> [REQUIRED ACTION]
Using the data below, set down every line from the one containing "Винт с полуцилиндрич." through the one containing "Chili con carne", inclusive and unchanged. Pictures are to be skipped.

> [DATA SECTION]
______________________________

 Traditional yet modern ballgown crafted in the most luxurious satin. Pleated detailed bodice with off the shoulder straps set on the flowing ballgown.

______________________________

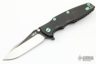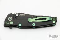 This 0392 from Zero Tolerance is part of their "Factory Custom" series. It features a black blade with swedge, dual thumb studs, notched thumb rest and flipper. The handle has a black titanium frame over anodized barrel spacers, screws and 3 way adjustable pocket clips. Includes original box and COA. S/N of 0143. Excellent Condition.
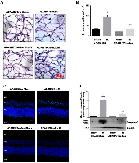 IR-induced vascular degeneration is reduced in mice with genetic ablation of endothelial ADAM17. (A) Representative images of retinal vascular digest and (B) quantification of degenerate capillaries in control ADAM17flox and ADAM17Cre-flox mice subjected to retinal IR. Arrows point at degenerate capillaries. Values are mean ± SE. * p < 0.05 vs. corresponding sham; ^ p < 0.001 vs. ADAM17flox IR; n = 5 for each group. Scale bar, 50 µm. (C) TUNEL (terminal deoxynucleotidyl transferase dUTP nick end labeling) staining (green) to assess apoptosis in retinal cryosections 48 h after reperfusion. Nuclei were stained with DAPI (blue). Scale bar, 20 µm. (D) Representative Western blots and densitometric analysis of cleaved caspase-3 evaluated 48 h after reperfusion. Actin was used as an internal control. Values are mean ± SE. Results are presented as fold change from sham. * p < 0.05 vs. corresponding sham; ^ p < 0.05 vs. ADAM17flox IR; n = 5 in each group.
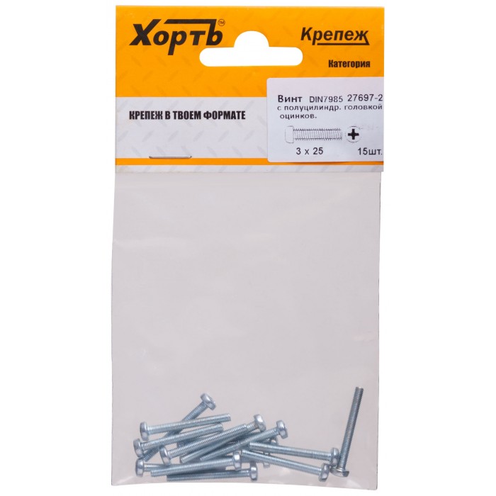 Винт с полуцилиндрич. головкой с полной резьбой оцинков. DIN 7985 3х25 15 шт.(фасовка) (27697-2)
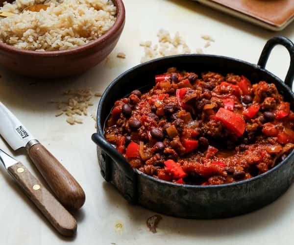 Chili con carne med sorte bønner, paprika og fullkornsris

______________________________

> [RESULT OF THE EXERCISE]
 Винт с полуцилиндрич. головкой с полной резьбой оцинков. DIN 7985 3х25 15 шт.(фасовка) (27697-2)
 Chili con carne med sorte bønner, paprika og fullkornsris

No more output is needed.